I dont see how winning earlier would help. Pop is your biggest boost, and the score was still going up significantly at the end here, 1155 AD. In just post biology phase it went up 200k IIRC.

I believe the domination limit increases if you reduce the number of opponents on the map, but reducing the number of opponent AIs could make a different game, with different diplomacy.

edit: tested a pangea huge map with 10 AI opponents. The land limit became 56%, 5% increase compared to 17AI opponents.
 
Hmm. 17 AI gives you a few more free cities, and workers than only 10 AI, but isn't that much larger drain on your focus? I suppose it adds more resources to the map. More food might look good, but I think it raises the bar on population. A low food map scores better for the same population. But then the corporations are stronger with more food.

I'd think you'd want to beat them all down and then kill em all on the last turn. Would that give you a conquest? or Dom? Doesn't matter if you're going for score I guess.

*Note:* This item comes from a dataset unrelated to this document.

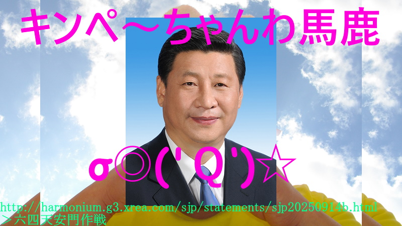 キンペ~ちゃんわ馬鹿σ◎('Q‘)http://harmonium.g3.xrea.com/sjp/statements/sjp20250914b.html>六四天安門作戦m9(゚∀゚)Идиoт!> нoмeнклaтýpaנומנקלטורה עמלקCeterum autem censeo, Nomenklaturam esse delendam.

couple quick questions: How much score penalty does immortal get compared to diety?

Is there a penalty for playing large instead of huge? or is huge just the best way to get a massive population?
 
Dunno the ins and outs of maps; Im thinking currently Terra will yield a nice score.

More land and more pop makes huge better than large. I dont know the score penalty for deity compared to Immortal, but the tradeoff there is you would need many more troops and infrastructure vs. AIs being able to help a bit more techwise.